Spatio-Temporal Swin Transformer-based 4-D EEG Emotion Recognition

Abstract

Several studies have shown that electroencephalogram (EEG) can be interfered by eye movements and facial muscle movements. These interferences can reduce the accuracy of EEG emotion recognition. In terms of model selection, EEG-based emotion recognition studies mainly use convolutional neural networks and similar methods. These methods rely on global differences to distinguish different emotional states, but overlook the influence of local EEG changes on emotional states.
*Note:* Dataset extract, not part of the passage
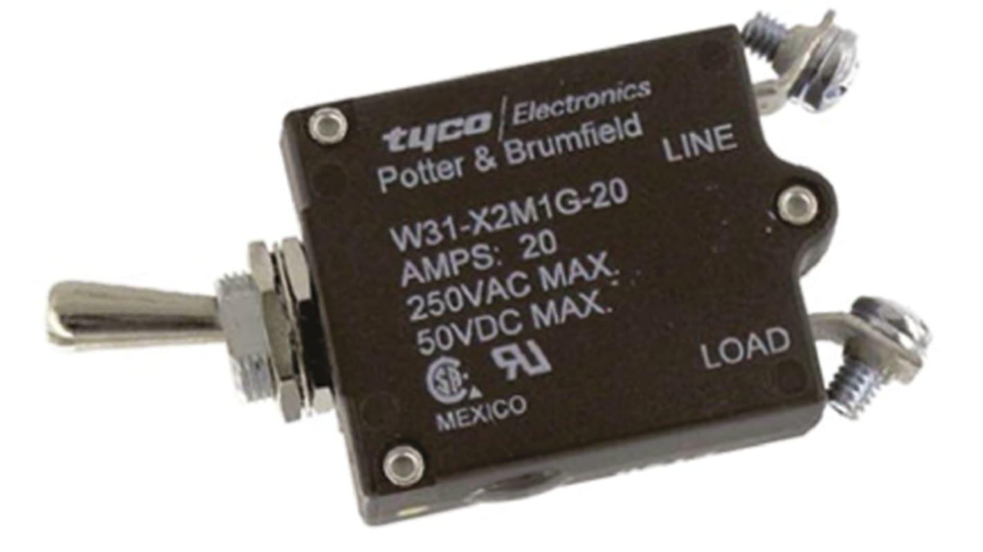 Circuit Breakers, Thermal, Series Trip, Silver, Operating Voltage 240 VAC, Operating Voltage 50 VDC, 20A Current Rating, Potter & Brumfield W23-31 Alias: W31-X2M1G-20=W23/W31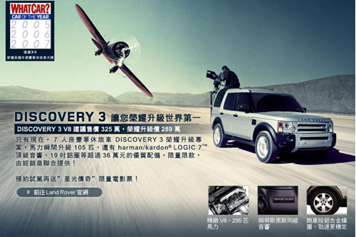 ◎Discovery 3 V8 08年式建議售價325萬,本月交車可享”V6車型價格升等V8車型並配有Logic7等36萬免費豪華配備專案”,由全國經銷商聯合提供,限量、限款專案優惠。

In this paper, we use four-dimensional artificial EEG features as input to a Spatio-Temporal Swin Transformer. The use of artificial EEG features is beneficial for the interpretability of the model. Spatiotemporal attention modules can extract secondary features and useful information from EEG signals while eliminating redundant noise interference. Compared with other emotion recognition methods, the advantage of our study is that the input and output of the spatio-temporal attention modules are consistent. It can adapt to the original input size of the model and can be widely applied as a separable module in other models. We use the public emotion EEG datasets SEED and SEED-IV to evaluate the feasibility and effectiveness of our model. The accuracy of single-subject and cross-subject emotion three-class classification on the SEED dataset is 94.13% ± 2.11% and 89.33% ± 4.37%, respectively. The accuracy of single-subject emotion four-class classification is 82.34% ± 8.17% on the SEED-IV dataset. Our study achieves high accuracy in emotion classification and real-time processing.